Встречать их вышел сам Анджей Зульский. Он стоял под проливным дождем без шапки, в одном только кафтане – располневший, рано состарившийся и безмятежно счастливый.
– Матерь Божья, неужели это вы, полковник Голембский?! Но ведь это, в самом деле, вы! Ваш полк, ваши храбрые солдаты. А мы-то думали, что сюда прорвались повстанцы. У меня осталось всего двадцать надворных казаков охраны. Было сорок шесть, но остальные ушли к Горданюку. Что мне оставалось делать? Понятно, что весь дом мы забаррикадировали, вооружили всех слуг. Но сколько мы смогли бы продержаться?
– Теперь продержимся, – заверил его полковник. – Мне бы хотелось, чтобы эти голодранцы действительно прорвались сюда. Никогда еще я не был столь лютым на них, никогда не стремился истребить всех до единого. Не зря же я поклялся, что, рано или поздно, пораспинаю их, живых или мертвых, на столбах; причем так, чтобы от вашего поместья и до самого Каменца. Так и напишите, господин историограф: от усадьбы господина Зульского и до самого Каменца. И да поставим свечи по усопшим.
– Вначале мне нужно все это увидеть собственными глазами, – невозмутимо возразил де Шевалье. – Фантазиями занимаются писатели и драматурги, меня же интересуют свершившиеся деяния.
– Знаю, что именно вас интересует, знаю, – мстительно блеснул глазами полковник, когда они взошли на небольшую ротонду, полукругом опоясывающую двухэтажный особняк Зульского.
– Интересно. Поделитесь-ка своими предположениями.
– Хотите предстать перед Францией, да и всей Европой, мессией страждущего народа, сражающегося в полуазийских степях против ненавистных поработителей-поляков? Поэтому-то не победы отряда полковника Голембского вы жаждете, а победы этой разбойничьей орды.
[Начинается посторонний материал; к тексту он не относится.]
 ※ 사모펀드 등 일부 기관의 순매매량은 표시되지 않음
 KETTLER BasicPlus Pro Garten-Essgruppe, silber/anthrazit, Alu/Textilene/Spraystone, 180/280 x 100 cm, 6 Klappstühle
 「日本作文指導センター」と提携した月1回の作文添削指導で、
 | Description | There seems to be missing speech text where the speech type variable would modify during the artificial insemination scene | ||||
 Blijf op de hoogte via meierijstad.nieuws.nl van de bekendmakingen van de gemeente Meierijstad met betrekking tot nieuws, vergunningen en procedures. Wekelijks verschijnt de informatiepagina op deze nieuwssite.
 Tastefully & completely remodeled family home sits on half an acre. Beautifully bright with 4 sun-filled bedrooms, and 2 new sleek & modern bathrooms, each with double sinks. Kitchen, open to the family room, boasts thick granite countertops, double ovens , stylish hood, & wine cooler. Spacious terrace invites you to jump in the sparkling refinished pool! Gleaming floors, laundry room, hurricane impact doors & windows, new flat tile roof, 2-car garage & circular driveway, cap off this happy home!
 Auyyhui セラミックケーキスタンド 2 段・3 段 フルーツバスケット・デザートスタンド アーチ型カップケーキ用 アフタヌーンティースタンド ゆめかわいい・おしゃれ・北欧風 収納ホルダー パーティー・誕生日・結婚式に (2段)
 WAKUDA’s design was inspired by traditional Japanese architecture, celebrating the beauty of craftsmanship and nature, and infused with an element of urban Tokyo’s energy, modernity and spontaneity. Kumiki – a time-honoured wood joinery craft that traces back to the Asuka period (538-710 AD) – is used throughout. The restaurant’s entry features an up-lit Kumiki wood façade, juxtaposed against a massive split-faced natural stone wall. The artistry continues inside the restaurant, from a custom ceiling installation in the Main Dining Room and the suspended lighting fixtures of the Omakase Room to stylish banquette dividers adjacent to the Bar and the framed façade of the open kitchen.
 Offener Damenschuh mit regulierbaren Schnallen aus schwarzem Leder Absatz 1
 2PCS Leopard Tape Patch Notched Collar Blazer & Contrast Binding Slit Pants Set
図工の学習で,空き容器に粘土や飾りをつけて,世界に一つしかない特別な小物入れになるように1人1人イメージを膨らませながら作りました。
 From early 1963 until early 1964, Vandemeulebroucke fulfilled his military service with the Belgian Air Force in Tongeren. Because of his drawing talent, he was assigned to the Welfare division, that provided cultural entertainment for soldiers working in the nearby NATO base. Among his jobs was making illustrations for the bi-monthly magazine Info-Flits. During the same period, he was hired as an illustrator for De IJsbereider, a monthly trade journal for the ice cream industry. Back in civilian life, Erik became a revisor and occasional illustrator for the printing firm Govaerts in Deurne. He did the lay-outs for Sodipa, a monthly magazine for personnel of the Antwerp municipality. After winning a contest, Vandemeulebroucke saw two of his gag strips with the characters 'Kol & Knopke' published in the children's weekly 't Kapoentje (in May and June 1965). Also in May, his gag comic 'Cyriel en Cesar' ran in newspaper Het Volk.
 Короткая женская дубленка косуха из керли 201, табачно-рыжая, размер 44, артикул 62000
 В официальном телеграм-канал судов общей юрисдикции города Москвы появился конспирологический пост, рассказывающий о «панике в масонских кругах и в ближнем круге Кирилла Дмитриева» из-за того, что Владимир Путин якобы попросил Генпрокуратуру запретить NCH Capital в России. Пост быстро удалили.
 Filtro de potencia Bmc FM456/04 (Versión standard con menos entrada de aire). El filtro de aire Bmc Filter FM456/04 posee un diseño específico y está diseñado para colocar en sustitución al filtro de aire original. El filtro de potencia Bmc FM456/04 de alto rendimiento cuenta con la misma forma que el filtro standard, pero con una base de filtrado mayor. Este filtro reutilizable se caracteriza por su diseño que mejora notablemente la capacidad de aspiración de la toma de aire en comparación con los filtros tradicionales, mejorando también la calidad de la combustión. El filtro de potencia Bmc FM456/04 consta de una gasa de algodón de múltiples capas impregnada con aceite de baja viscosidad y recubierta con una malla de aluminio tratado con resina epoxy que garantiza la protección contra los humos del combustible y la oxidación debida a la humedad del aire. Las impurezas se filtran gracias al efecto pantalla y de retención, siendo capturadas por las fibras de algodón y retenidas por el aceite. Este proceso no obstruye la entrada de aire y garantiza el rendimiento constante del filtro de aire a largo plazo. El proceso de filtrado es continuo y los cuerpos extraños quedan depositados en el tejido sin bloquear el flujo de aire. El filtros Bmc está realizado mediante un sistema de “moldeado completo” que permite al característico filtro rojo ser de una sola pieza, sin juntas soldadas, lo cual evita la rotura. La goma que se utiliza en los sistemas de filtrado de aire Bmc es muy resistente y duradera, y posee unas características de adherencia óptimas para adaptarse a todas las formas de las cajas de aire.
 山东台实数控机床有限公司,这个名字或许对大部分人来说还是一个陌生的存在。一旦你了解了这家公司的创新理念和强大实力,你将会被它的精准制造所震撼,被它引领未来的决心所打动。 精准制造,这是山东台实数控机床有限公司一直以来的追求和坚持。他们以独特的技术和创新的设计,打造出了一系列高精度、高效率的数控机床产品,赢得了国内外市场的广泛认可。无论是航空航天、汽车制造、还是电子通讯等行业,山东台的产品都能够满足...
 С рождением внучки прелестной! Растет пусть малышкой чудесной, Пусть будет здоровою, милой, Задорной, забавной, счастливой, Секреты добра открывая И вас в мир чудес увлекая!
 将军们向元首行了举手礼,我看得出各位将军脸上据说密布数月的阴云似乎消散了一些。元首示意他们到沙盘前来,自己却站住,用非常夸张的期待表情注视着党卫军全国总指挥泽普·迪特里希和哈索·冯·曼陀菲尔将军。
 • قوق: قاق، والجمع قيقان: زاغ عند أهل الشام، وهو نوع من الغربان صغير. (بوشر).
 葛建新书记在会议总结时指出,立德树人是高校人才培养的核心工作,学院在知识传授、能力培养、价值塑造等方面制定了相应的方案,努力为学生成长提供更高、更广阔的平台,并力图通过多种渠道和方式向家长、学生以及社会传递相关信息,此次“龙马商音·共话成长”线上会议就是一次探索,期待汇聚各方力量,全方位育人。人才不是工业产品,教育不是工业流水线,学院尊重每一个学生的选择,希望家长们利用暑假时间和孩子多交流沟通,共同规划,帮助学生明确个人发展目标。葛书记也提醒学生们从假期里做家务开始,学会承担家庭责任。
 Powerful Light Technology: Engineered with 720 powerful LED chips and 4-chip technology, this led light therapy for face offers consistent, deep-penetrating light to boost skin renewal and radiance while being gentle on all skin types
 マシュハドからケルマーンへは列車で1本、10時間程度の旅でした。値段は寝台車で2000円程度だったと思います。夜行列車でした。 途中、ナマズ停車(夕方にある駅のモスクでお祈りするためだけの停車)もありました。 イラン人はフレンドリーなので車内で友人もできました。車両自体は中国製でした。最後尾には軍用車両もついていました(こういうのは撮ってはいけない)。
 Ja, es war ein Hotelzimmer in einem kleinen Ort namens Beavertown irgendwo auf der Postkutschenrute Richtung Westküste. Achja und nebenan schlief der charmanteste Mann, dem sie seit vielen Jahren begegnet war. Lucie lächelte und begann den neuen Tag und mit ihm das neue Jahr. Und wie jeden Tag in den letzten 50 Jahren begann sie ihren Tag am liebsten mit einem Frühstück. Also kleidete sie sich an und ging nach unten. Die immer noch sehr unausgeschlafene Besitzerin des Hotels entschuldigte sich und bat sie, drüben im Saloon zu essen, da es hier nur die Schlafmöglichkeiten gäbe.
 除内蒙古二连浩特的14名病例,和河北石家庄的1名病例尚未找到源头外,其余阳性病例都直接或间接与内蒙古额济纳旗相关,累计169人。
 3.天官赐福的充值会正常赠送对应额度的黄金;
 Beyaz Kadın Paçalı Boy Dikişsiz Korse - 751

– О, нет, это не разговор, – решительно покачал головой де Шевалье. – Поэтому сразу же «поставим свечи по усопшим», господин полковник, – ответил его же поговоркой.
Они сидели в углу, почти под лестницей, ведущей на второй этаж трактира, оба – одетые в порядком изношенные, а потому бесцветные морские куртки, сработанные из крепкой, да к тому же огрубевшей от соли и пота, ткани.
– Уходят, – натужно ронял слова Шкипер, лишь для видимости поднося ко рту кружку с пивом. Его собеседник, бывший моряк Гольен, много лет прослуживший на испанском флоте, знал, что в луженой гортани Шкипера разрасталась погибельная опухоль, и старался не обращать внимания на его уловки. – Они, эти, – кивнул рыбак в сторону десятника Григория Родана, – уже уходят отсюда.
– А что это за воины? Правда, что их навербовали где-то в татарских степях?
– Как и то, что завтра их уводят под стены Дюнкерка.
– Почему ты считаешь, что их уводят, если в лагере из повозок, устроенном рядом с фортом, никаких признаков того, чтобы они куда-то собирались? – Лицо Гольена было похоже на печеное, полуизжеванное яблоко. Когда он хитровато, по-лисьи ухмылялся, оно морщинилось так, что теряло всякие человекоподобные черты. Рот, нос, глаза – все терялось в глубоких складках морщин.
– Потому и не видно приготовлений, что они прирожденные воины, всю жизнь провоевавшие с турками и татарами. А те похитрее твоих испанцев.
– Почему моих? – обиженно отшатнулся Гольен. – На что ты намекаешь?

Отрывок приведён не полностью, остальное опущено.